Entrepreneural Lessons from Nashua

To be successful as an Entrepreneur, one must always be prepared to learn from those who have been successful.

A small company, by the name of Nashua, started out in 1973, selling and servicing facsimiles and Photostat machines, was one of many companiNashua-logoes trying to get their foot in the door in the, what was soon to known as the Office Automation industry.

Unbeknown to the company, things were going to really change, when in 1985, they employed a young Facsimile Production Manager by the name of Chris Scoble. The company recognised his entrepreneurial skills and talent through his initiative and ability to take risks. Chris rose up the ranks and was able to apply his entrepreneurial skills and positively influence all those around him. Six years later he was able to prove his worth when he became Manager of the Marketing Department.

That year was enough to impress everyone when they appointed him to the board as Marketing Director and since then Nashua was never been the same company again. The next year, he took over as Sales Director, three years later to Managing Director of Nashua Office Automation, two years later to Managing Director of Nashua Mobile.

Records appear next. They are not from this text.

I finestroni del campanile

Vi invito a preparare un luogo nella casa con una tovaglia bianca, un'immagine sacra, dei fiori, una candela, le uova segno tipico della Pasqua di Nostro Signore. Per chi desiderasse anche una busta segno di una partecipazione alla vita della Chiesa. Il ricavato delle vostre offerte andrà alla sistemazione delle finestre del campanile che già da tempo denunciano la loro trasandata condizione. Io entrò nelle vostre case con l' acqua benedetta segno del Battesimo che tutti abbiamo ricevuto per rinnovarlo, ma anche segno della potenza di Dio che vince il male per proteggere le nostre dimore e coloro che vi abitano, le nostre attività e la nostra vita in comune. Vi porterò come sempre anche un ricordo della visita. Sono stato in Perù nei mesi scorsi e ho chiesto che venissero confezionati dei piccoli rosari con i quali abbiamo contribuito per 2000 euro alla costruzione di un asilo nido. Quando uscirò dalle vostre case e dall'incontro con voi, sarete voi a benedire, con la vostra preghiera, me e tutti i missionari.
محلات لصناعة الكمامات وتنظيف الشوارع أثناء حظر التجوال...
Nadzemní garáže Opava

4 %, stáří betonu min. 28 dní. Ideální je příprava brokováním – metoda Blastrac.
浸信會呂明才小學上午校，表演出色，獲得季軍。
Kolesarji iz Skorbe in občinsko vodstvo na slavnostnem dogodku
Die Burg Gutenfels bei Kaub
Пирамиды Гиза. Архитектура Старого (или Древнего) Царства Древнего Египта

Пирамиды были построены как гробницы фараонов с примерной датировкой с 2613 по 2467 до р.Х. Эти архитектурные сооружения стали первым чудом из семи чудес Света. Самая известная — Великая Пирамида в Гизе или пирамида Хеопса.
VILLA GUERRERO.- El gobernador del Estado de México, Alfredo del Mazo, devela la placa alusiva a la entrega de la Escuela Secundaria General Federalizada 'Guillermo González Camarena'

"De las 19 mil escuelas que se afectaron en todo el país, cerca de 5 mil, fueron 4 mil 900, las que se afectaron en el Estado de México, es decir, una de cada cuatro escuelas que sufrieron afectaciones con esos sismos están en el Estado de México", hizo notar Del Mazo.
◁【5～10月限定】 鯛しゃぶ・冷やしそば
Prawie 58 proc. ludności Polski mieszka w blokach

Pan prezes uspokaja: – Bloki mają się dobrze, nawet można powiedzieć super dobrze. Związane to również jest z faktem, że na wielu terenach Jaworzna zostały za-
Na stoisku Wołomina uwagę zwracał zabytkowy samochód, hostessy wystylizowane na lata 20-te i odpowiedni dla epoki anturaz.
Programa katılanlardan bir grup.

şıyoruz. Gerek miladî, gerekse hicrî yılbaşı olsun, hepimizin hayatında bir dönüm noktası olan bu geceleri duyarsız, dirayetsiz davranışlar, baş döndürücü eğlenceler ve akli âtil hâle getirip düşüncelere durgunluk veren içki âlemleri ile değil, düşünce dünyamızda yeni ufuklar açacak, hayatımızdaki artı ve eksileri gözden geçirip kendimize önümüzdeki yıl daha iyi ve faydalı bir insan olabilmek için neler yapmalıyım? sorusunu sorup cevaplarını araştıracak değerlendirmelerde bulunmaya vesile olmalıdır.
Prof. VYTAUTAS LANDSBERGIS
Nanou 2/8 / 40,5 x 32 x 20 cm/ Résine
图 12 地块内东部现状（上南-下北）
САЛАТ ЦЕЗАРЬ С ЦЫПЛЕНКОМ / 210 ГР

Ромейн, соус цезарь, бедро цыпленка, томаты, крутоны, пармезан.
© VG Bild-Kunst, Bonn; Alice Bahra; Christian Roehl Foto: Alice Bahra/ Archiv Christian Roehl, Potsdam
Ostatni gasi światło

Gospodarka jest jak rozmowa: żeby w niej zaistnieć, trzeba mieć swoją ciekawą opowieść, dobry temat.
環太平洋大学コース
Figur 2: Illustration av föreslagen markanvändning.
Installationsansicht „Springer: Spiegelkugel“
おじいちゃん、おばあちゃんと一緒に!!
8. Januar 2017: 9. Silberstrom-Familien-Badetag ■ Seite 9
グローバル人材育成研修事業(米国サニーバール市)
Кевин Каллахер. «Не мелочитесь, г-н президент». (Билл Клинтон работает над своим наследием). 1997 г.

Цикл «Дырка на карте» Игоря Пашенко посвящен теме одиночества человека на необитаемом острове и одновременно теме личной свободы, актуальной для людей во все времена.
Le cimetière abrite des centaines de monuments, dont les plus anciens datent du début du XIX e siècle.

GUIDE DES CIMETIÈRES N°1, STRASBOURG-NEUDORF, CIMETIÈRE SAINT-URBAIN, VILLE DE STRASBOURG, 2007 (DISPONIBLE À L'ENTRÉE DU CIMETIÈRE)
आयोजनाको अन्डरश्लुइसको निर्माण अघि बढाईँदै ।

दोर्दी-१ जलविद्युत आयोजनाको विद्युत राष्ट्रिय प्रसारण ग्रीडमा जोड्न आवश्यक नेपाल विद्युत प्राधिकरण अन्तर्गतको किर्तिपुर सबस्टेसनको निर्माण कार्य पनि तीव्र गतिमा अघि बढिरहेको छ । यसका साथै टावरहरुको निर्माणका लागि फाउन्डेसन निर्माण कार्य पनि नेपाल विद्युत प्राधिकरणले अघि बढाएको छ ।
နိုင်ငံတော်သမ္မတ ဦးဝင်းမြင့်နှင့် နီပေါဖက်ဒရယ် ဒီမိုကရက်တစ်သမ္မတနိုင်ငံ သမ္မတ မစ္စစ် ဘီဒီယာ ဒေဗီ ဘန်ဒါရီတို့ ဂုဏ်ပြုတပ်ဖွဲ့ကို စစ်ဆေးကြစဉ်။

The foundation was set. Those who followed in the footsteps of Chris and under his leadership, have had huge successes and have helped to thrust Nashua into what it has now become.  Today, Nashua is not only a household name but one of the leaders in their field.

So what has Nashua taught us about Entrepreneurial skills:

1.   Take risk.

If you cannot take risks in your business, you are not going to grow it. Yes, you will make bad decisions; however, these will become your lessons learnt. These will make you stronger in your industry.

2.   Believe.

To be really successful, one must believe in you – your capabilities, experience, desire, motivation. You must believe in your product or service. You must believe in your company. If you cannot tick any of these boxes – rethink your plans and strategies.


3.   Do what you enjoy.

What you get out of your job in the form of personal satisfaction, financial gain, stability and enjoyment will be the sum total of what you put into your job. So if you don’t enjoy what you’re doing, in all likelihood it’s safe to assume that that will be reflected in the success of your job – or subsequent lack of success. In fact, if you don’t enjoy what you’re doing, chances are you won’t succeed.

4.   Take what you do seriously.

You cannot expect to be effective and successful in your job unless you truly believe in your business and in the products and services that you represent. Far too many entrepreneurs fail to take their own jobs or even their businesses seriously enough, they get easily side-tracked and do not stay motivated and don’t apply all their effort into the business. There are always people who are going to criticise you, or not like what you do or deliver – and that’s ok. Chances are, they are not going to do business with you anyway, so why worry about what they say. Focus on those who do want to your product / service.